-- WHAT THIS TASK INVOLVES --
Look below for the line that contains "图为村委带领实践队走访村民", then quote it and all the lines after it, exactly, with the pictures left out.

-- SOURCE MATERIAL --
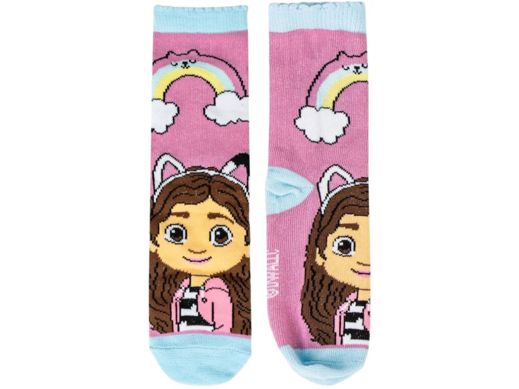 Oficiální produkt - set dětských ponožek z doplňkového a fashion zboží z katalogu produktů s logem, grafikou a fotografiemi Gabby's dollhouse (Gábinin kouzelný domek) od streamovací televize Netflix.
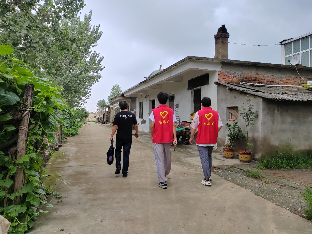 图为村委带领实践队走访村民
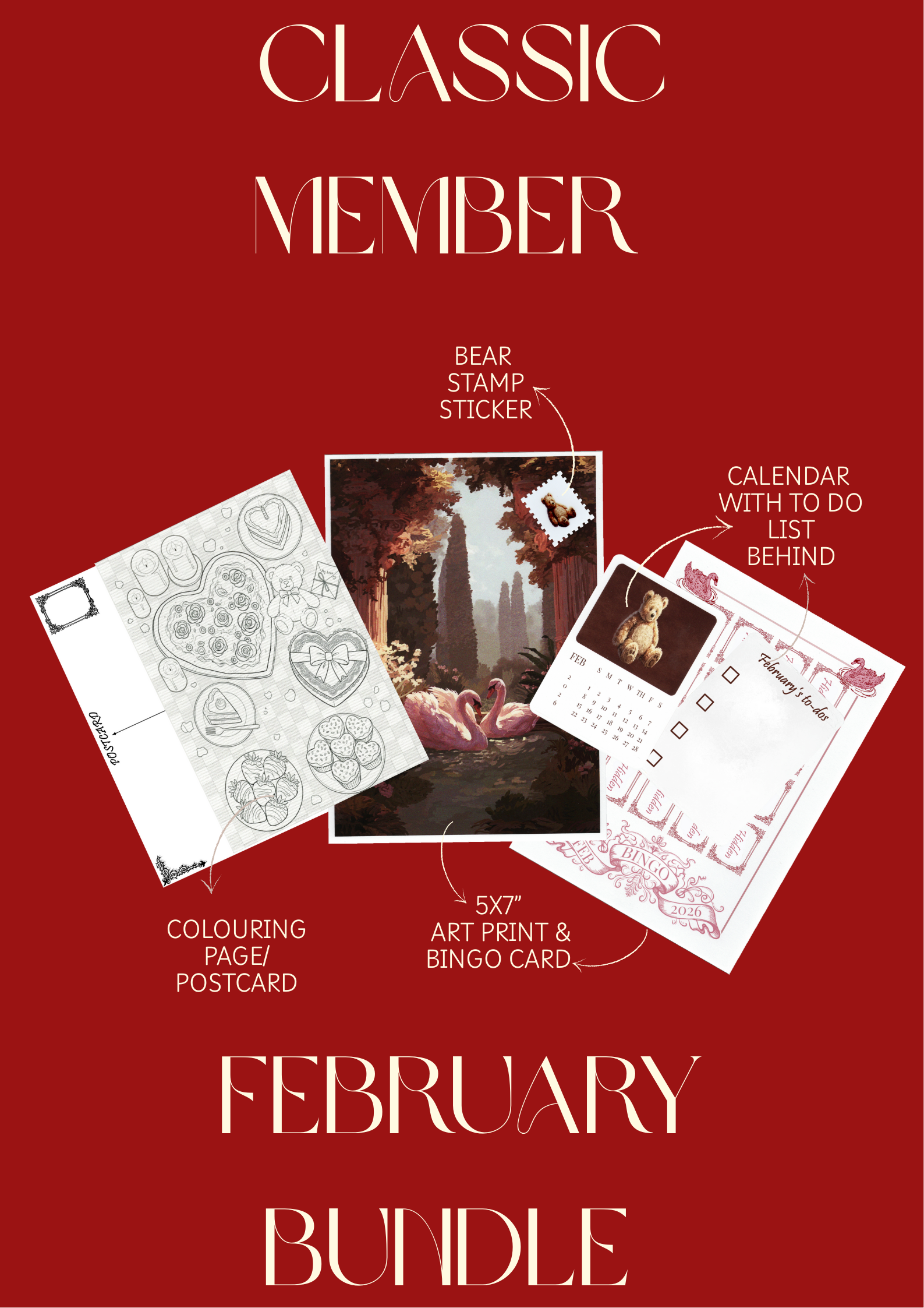 * Sticker(s) * Quote card or mini print * Postcard (s) * Bookmark (s) * Original drawing * Extra 5x7" print * Mini artwork stamps * A small game or activity * Month calendar

-- SOLUTION TO THE EXERCISE --
 图为村委带领实践队走访村民
 * Sticker(s) * Quote card or mini print * Postcard (s) * Bookmark (s) * Original drawing * Extra 5x7" print * Mini artwork stamps * A small game or activity * Month calendar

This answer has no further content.